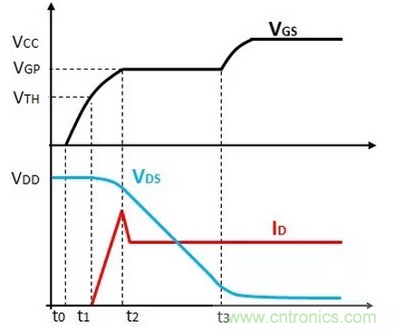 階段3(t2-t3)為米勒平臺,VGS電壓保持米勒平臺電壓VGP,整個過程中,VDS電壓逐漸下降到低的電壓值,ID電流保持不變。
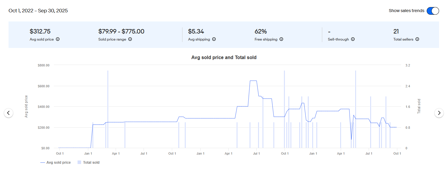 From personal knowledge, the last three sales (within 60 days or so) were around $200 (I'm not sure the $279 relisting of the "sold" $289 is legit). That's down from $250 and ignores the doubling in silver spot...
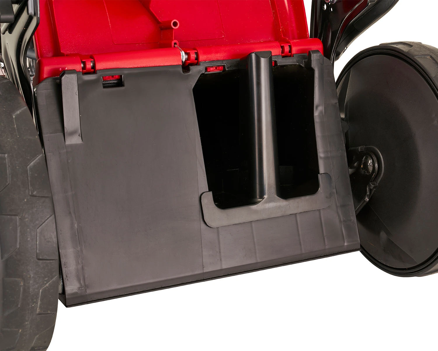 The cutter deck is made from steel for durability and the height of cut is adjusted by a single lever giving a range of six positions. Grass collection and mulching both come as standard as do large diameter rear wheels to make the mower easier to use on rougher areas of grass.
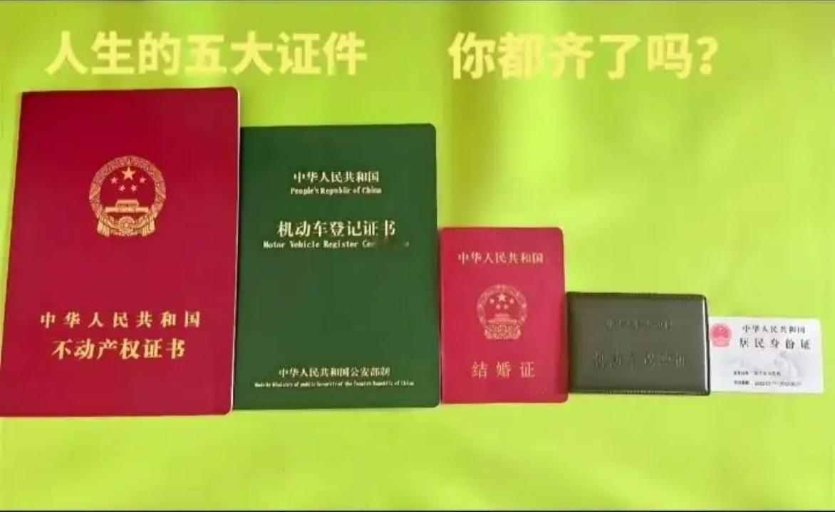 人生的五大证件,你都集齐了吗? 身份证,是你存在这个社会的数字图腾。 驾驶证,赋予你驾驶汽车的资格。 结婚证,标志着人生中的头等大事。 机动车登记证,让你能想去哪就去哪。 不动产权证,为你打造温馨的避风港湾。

--

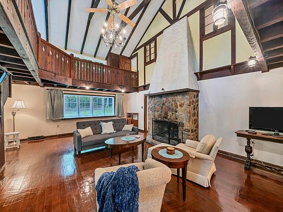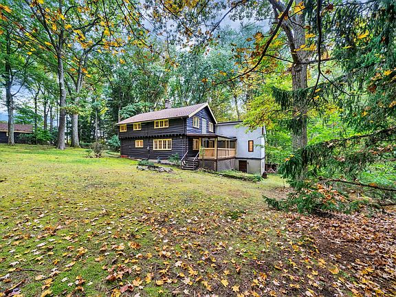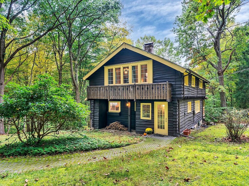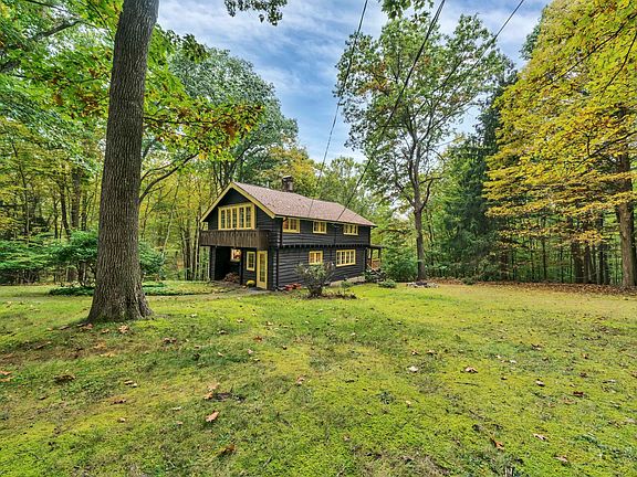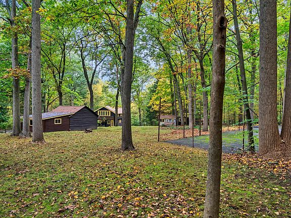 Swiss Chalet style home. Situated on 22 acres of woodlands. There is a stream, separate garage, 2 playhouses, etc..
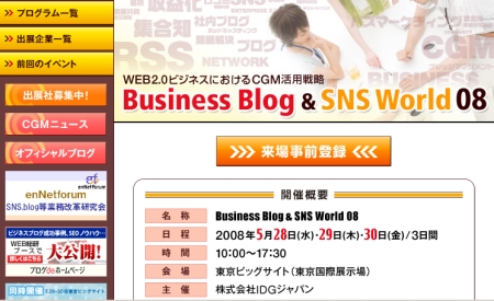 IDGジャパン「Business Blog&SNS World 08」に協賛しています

- **What you should do**
Print, exactly, each line above from the one with "From personal knowledge, the" to the one with "The cutter deck", end lines included. Leave pictures out of it.

- **Output for this task**
 From personal knowledge, the last three sales (within 60 days or so) were around $200 (I'm not sure the $279 relisting of the "sold" $289 is legit). That's down from $250 and ignores the doubling in silver spot...
 The cutter deck is made from steel for durability and the height of cut is adjusted by a single lever giving a range of six positions. Grass collection and mulching both come as standard as do large diameter rear wheels to make the mower easier to use on rougher areas of grass.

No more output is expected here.